Ваша настоящая работа как журналиста, говорил он своим ученикам, — дать людям факты, которые позволят им все понять и принять решение. Не надо выдумывать. Зачем все это изящество и высокопарные слова. Начните с начала, аккуратно перейдите к середине, так, чтобы одно событие логически перетекало в следующее, а затем уже и конец. Каждый репортаж, подчеркивал он, всегда должен иметь логический конец. И не смейте пускаться во все это ленивое дерьмо, типа: некоторые люди верят или по общему мнению. И обязательно ссылки на факты, это правило. Пишите все простым английским языком, без всяких украшений и прикрас. Полеты красноречия оставьте для страниц публицистики.

Думаю, вряд ли кто поверит, что это возможно, и моя карьера в «Неоновом Цирке» имела очень мало общего с изысканной писаниной, но я намерен сделать все как можно лучше сейчас: факты, события, от одного к другому. Начало, середина и конец.

По крайней мере, конец в настоящее время.

Хороший репортаж всегда начинается с пяти вопросов: «кто?», «что?», «когда?», «где?», и «почему?», если можно выяснить. В моем случае «почему?» — крепкий орешек.

Хотя «кто?» — это очень легко, — ваш бесстрашный рассказчик Майкл Андерсон. Мне было двадцать семь в то время, когда происходили эти события. Я окончил факультет журналистики Род — Айлендского университета со степенью бакалавра искусств. В течение двух лет после окончания колледжа я жил с родителями в Бруклине и работал на один из этих халявных веб-сайтов «Дэйли Шопперс», перепечатывал новостные страницы, вел разделы объявлений и купонов. Я постоянно направлял свое резюме (какое уж было), но, ни одна из газет в Нью-Йорке, Коннектикуте или Нью-Джерси не хотела меня нанимать. Это не было сюрпризом ни для меня, ни для моих родителей. Не потому, что мои оценки были хреновыми (это было не так), и не потому, что несколько моих опубликованных произведений — в основном рассказы, вышедшие в студенческой газете Род — Айлендского университета «Хорошая 5 центовая сигара» — были плохо написаны (пару из них даже были отмечены наградами), а потому, что газеты совсем никого не брали на работу. Даже наоборот.
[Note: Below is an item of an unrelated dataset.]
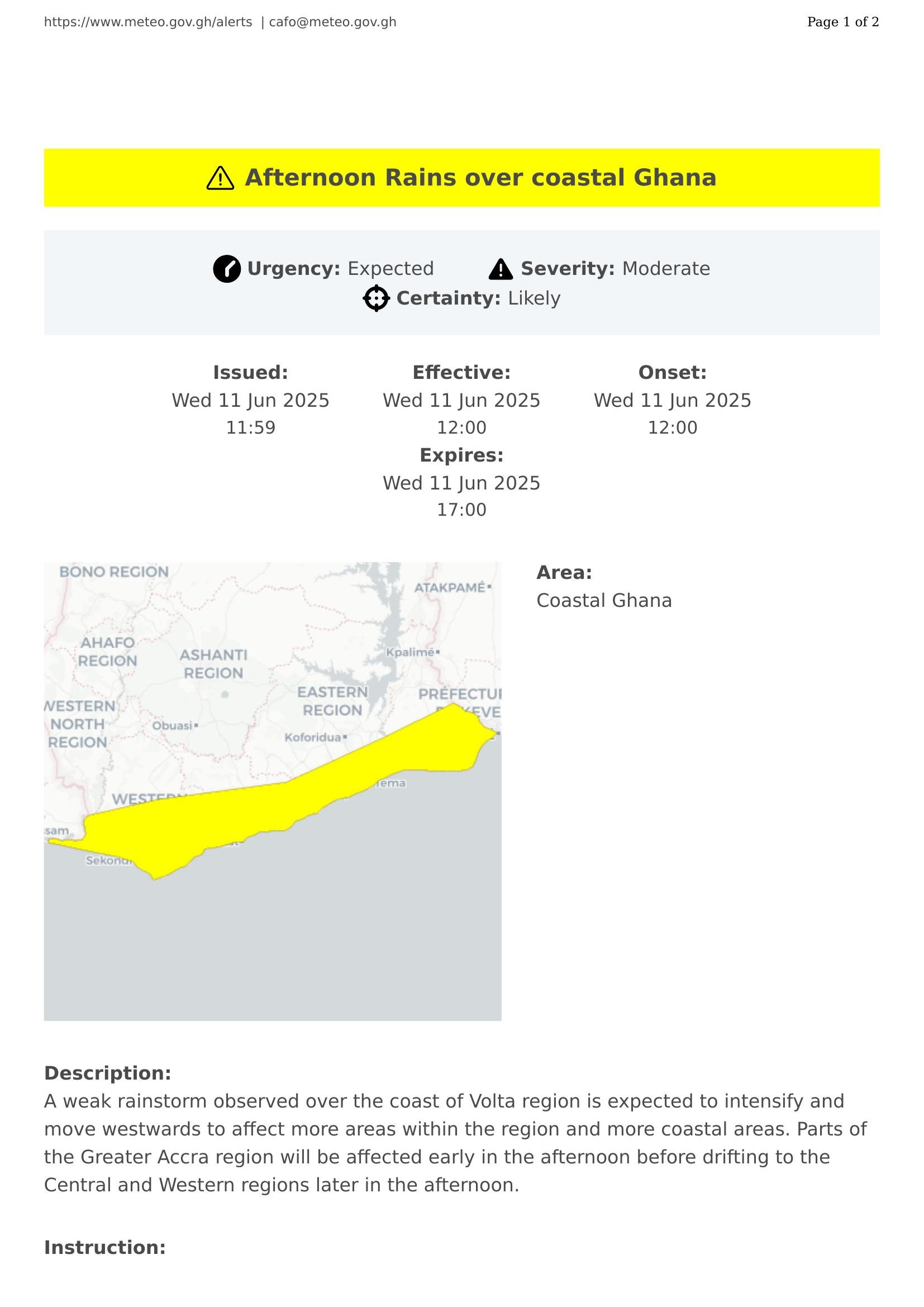 A weak rainstorm observed over the coast of Volta region is expected to intensify and move westwards to affect more areas within the region and more coastal areas. Parts of the Greater Accra region will be affected early in the afternoon before drifting to the Central and Western regions later in the afternoon.

(Если профессор Хиггинс увидел бы все эти скобки, он убил бы меня.)

Мои родители начали уговаривать, — мягко, аккуратно — чтобы я начал искать какую-нибудь другую работу.

— В смежной области, — сказал отец своим самым дипломатичным тоном. — Может быть, в рекламе.

— Реклама — не новости, — ответил я. — Реклама — это анти-новости.

Но я понял ход его мыслей: ему представлялось, как я, сорокалетний, ночью, продолжаю брать еду из их холодильника. Бездельник высшей пробы.

Скрепя сердце, я принялся составлять список возможных рекламных фирм, которые могли бы нанять молодого составителя рекламных объявлений с милой физиономией, но без опыта работы. Позже, ночью, перед тем, как я запланировал начать рассылку копии своего резюме в фирмы из этого списка, мне в голову пришла идея. Иногда — часто — когда лежу ночью без сна, я размышляю, как изменилась бы моя жизнь, если бы эта глупая идея не пришла мне в голову.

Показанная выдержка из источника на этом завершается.